*** Block opens ***

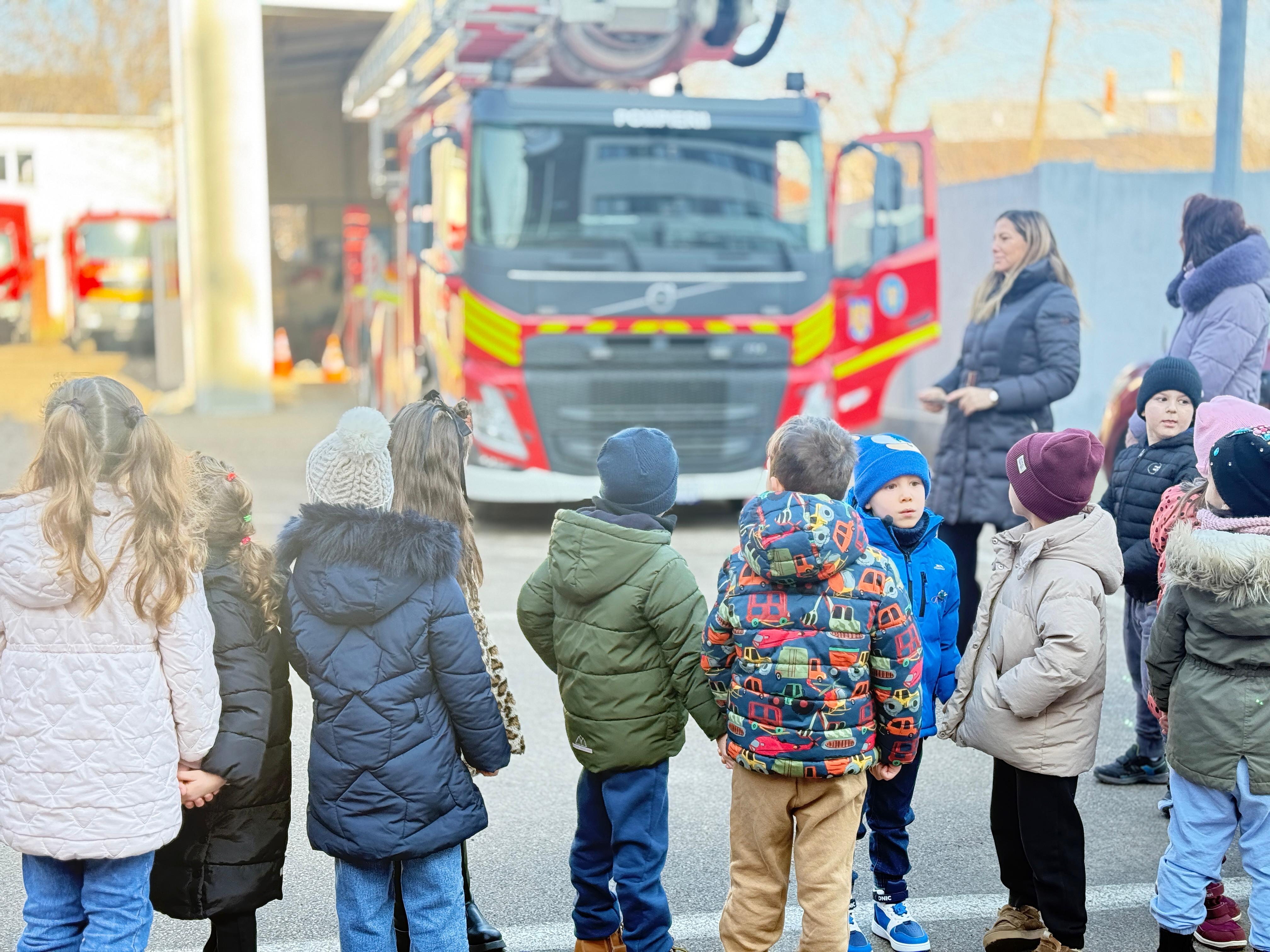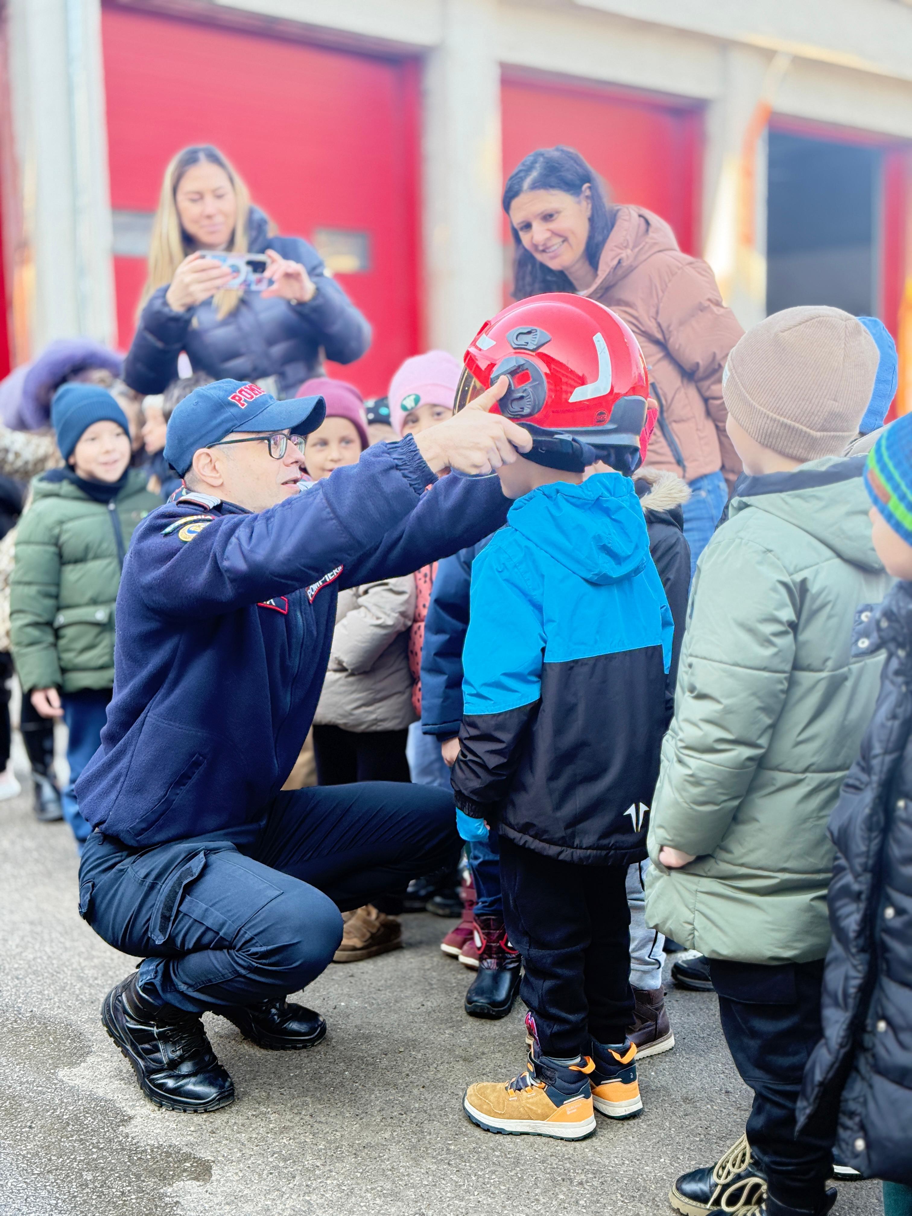 Cei mici au fost în centrul atenției. Au urcat în autospecialele de intervenție, au probat casca și echipamentul de protecție și au aflat cum funcționează furtunul utilizat la stingerea incendiilor.
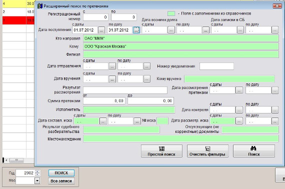 Параметры учитываются при поиске по условию И, т.е. в нашем случае отобразятся все претензии с Отправителем ОАО "МММ", с получателем ООО "Красная Москва" и с датой претензии, попадающей в указанный интервал дат.
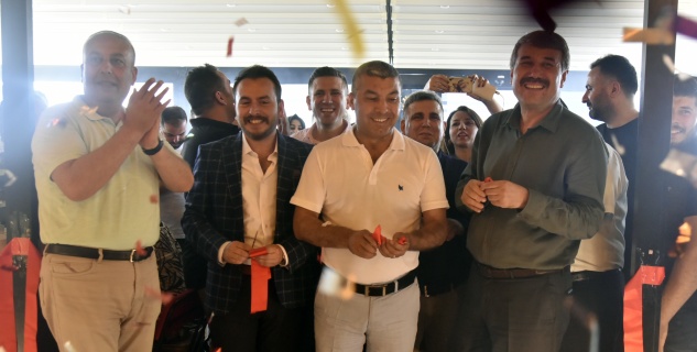 Daha sonra Kılınç ve ilçe başkanları kurdeleyi keserek işyerinin açılışını yaptılar ve hatıra fotoğrafları çektirdiler.
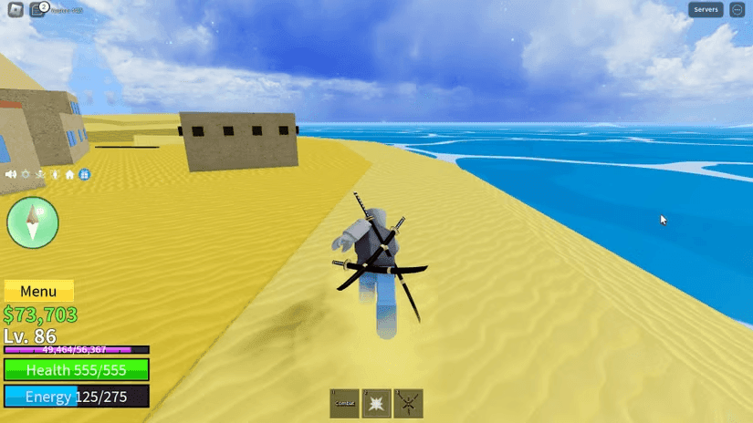 - Encontrar e comer Blox Fruits para ganhar poderes especiais
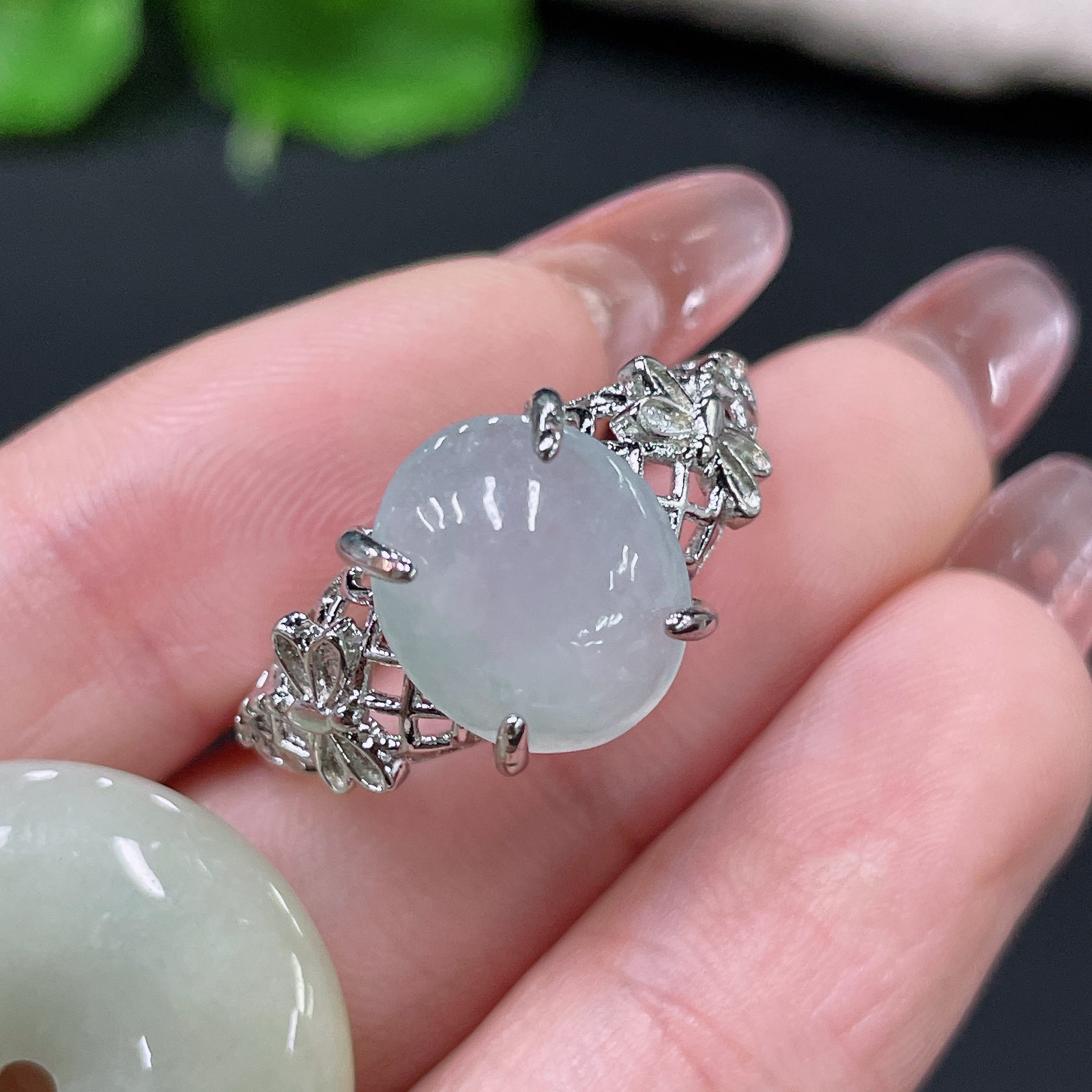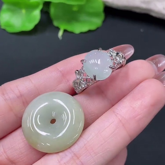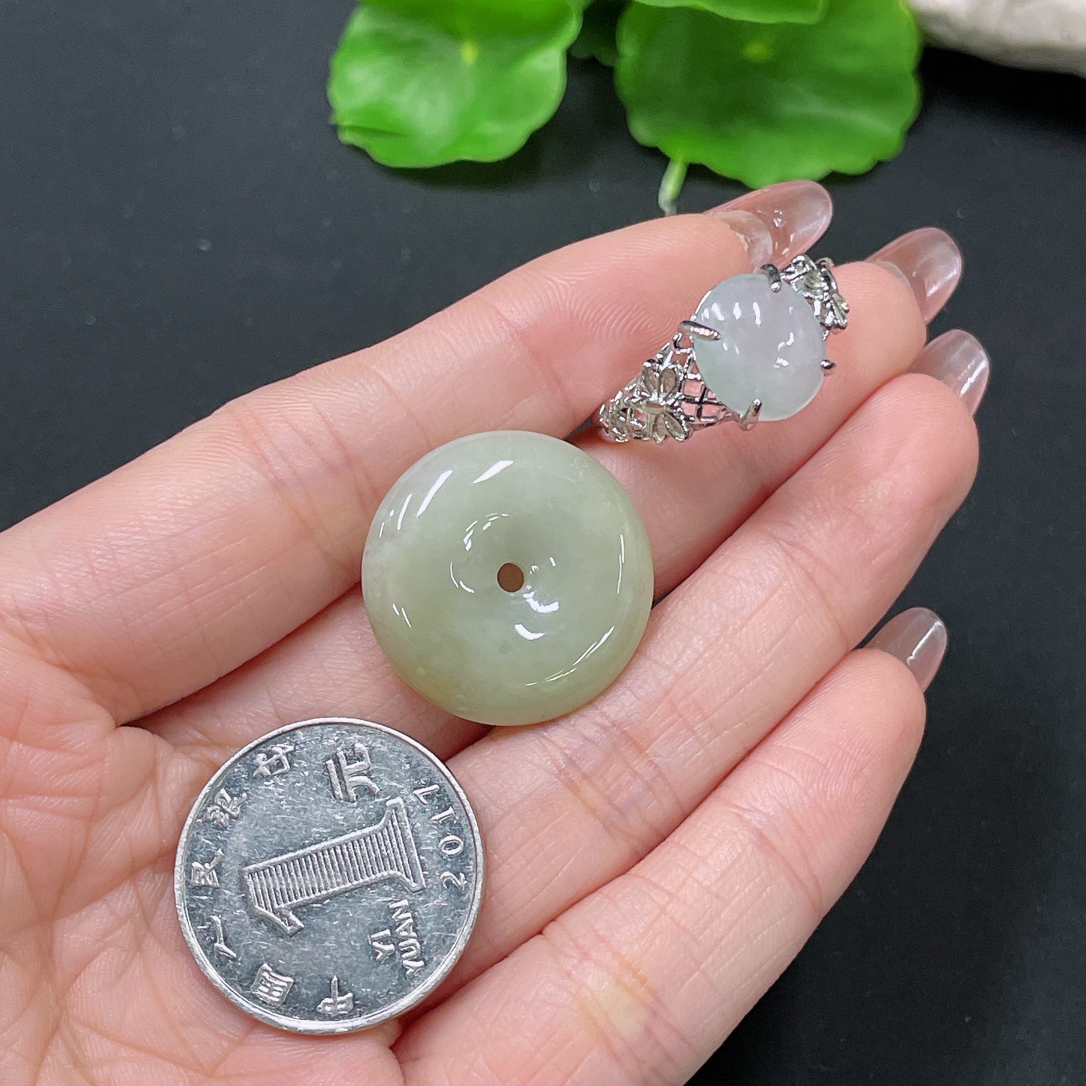 Jadeite Pendant Peace Buckle + Ring Non-Gold Adjustable Sell as a Lot
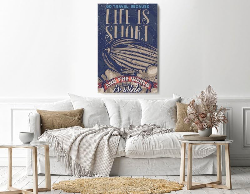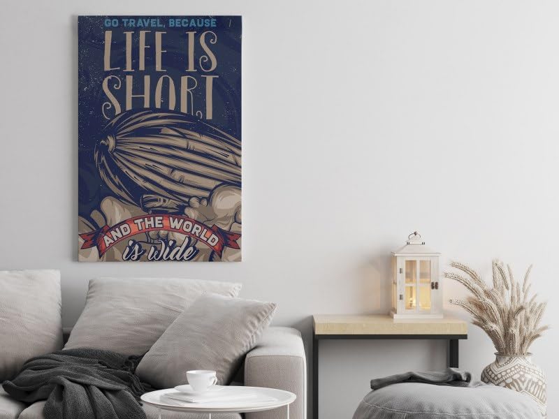 Home Gallery - لوحة فنية جدارية قماشية مطبوعة بعبارة Life is short and the world is wide مقاس 90 × 60 سم
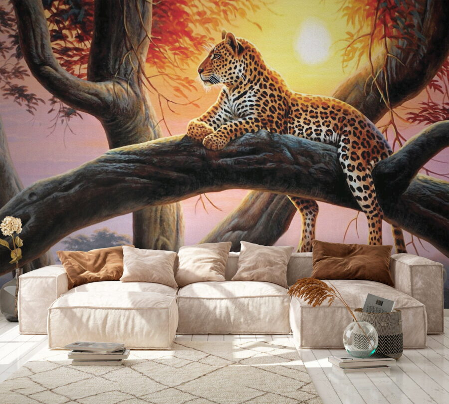 Transform any space into a wild getaway with this stunning mural featuring a leopard lounging majestically on a tree branch at sunset. Just imagine walking into a room that instantly feels more vibrant and alive—this mural does just that! The warm hues of the sunset mixed with the leopard’s striking spots create a relaxing yet adventurous vibe. It’s perfect for sparking conversations or even daydreams of safaris. Each glance can whisk you away on an imaginative escape, making it feel like nature is right at home. Plus, it’s a great reminder to take it easy and enjoy life—just like the leopard!

*** Block closes ***

Assigned task:
From the line containing "Home Gallery - لوحة" to the last line of the entries, output every line exactly as written, but leave out the pictures.

Answer to this problem:
 Home Gallery - لوحة فنية جدارية قماشية مطبوعة بعبارة Life is short and the world is wide مقاس 90 × 60 سم
 Transform any space into a wild getaway with this stunning mural featuring a leopard lounging majestically on a tree branch at sunset. Just imagine walking into a room that instantly feels more vibrant and alive—this mural does just that! The warm hues of the sunset mixed with the leopard’s striking spots create a relaxing yet adventurous vibe. It’s perfect for sparking conversations or even daydreams of safaris. Each glance can whisk you away on an imaginative escape, making it feel like nature is right at home. Plus, it’s a great reminder to take it easy and enjoy life—just like the leopard!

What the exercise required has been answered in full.